[SUPPLIED INFORMATION]
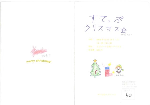 午後2時から生涯学習センター(まなぼっと幣舞)でNPO法人 すてっぷのクリスマス会に、「いちの会」金森会長、浪岡さん、中野さんと私と4人で参加させて頂きました。個性溢れる利用者の皆さんとそのご家族、そして施設を運営する職員の皆さんとサポートする多くのボランティアの皆さんが集まり、楽しいひと時を過ごさせて頂きました。 感謝今後も障がい者の方達との交流を深め、更なる「ノーマライゼーション」の促進に努めたいと思います。
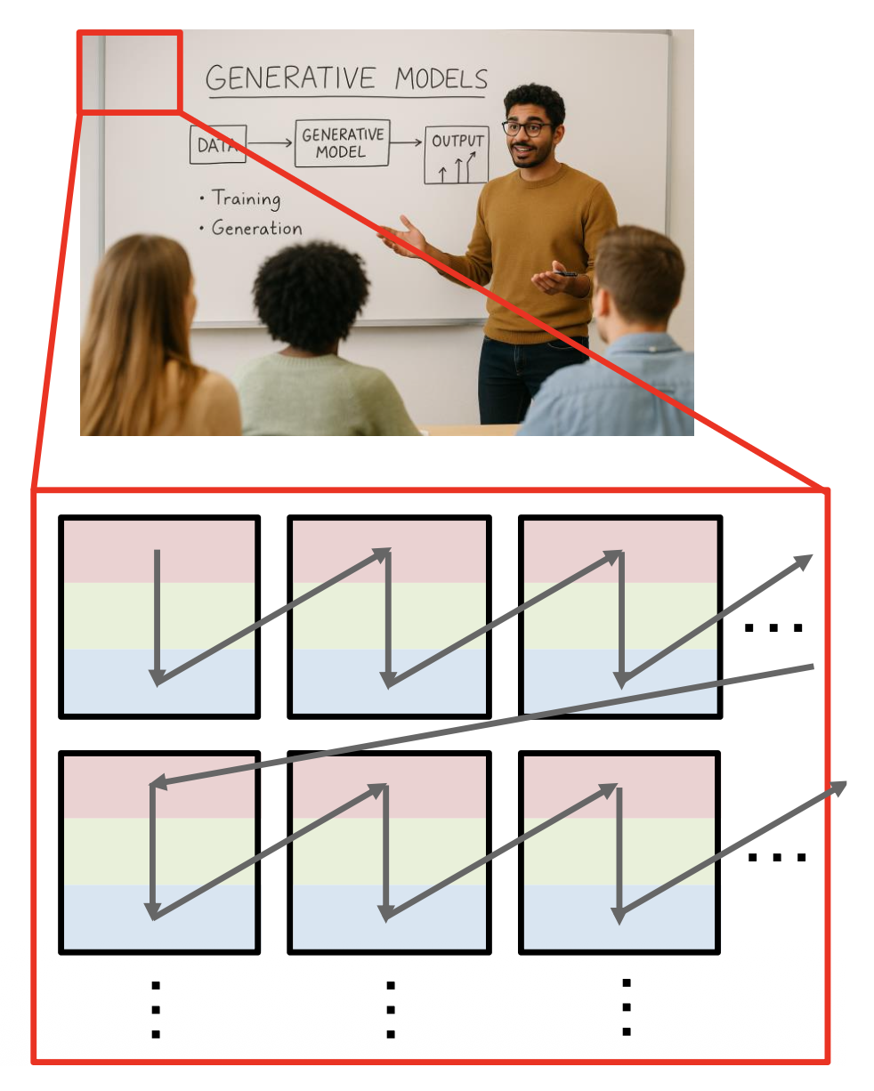 - 问题:成本太高,比如 1024x1024 的图像就是一个包含 3M 个子像素的序列
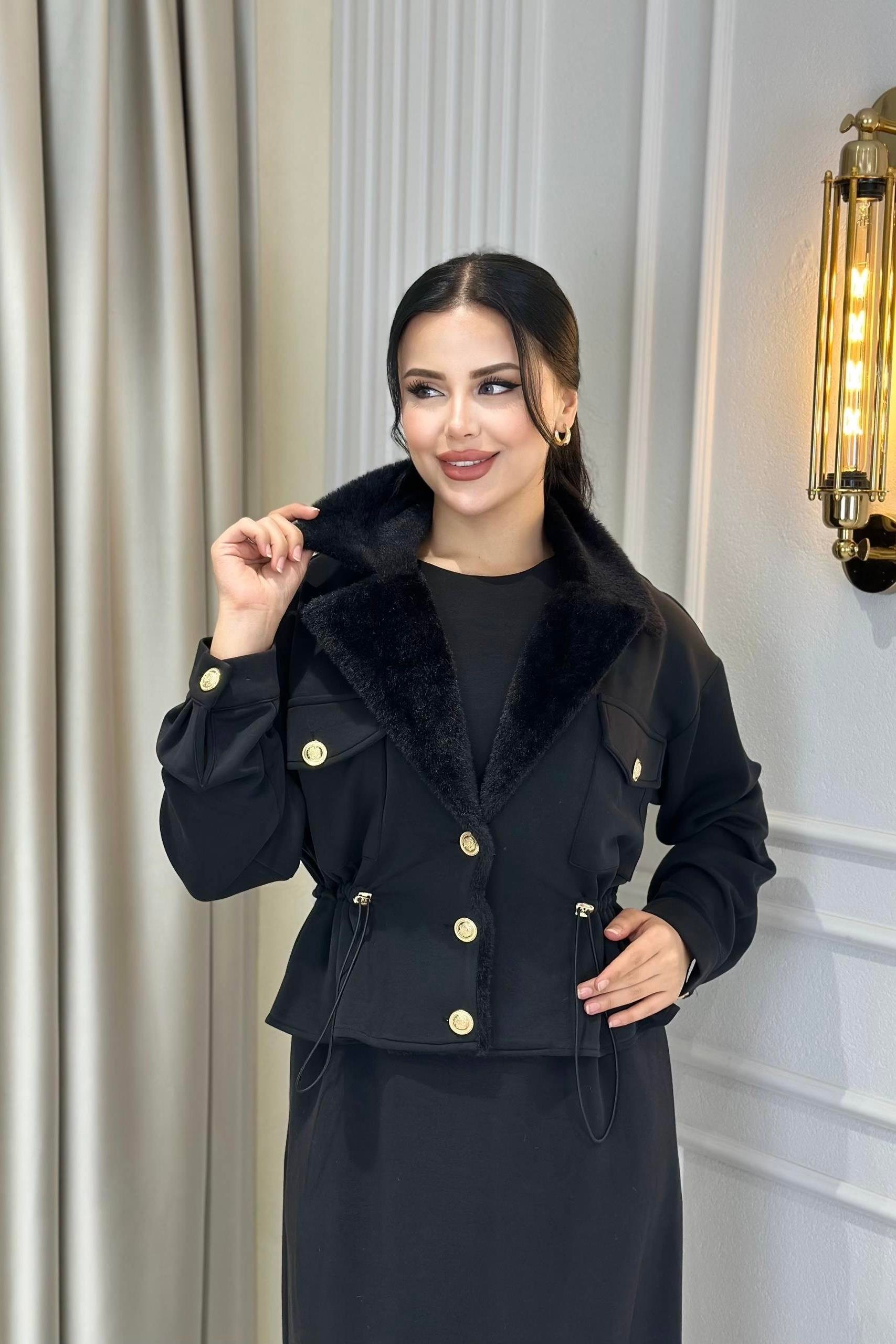 Jupe 7262 Ceketi Kürk Detay İkili Elbise - Siyah

[AIM OF THE TASK]
Reproduce, word for word, every line from the one that contains "- 问题:成本太高,比如 1024x1024 的图像就是一个包含 3M 个子像素的序列" to the end of the data, including both ends; omit all pictures.

[RESPONSE FOR THIS EXERCISE]
 - 问题:成本太高,比如 1024x1024 的图像就是一个包含 3M 个子像素的序列
 Jupe 7262 Ceketi Kürk Detay İkili Elbise - Siyah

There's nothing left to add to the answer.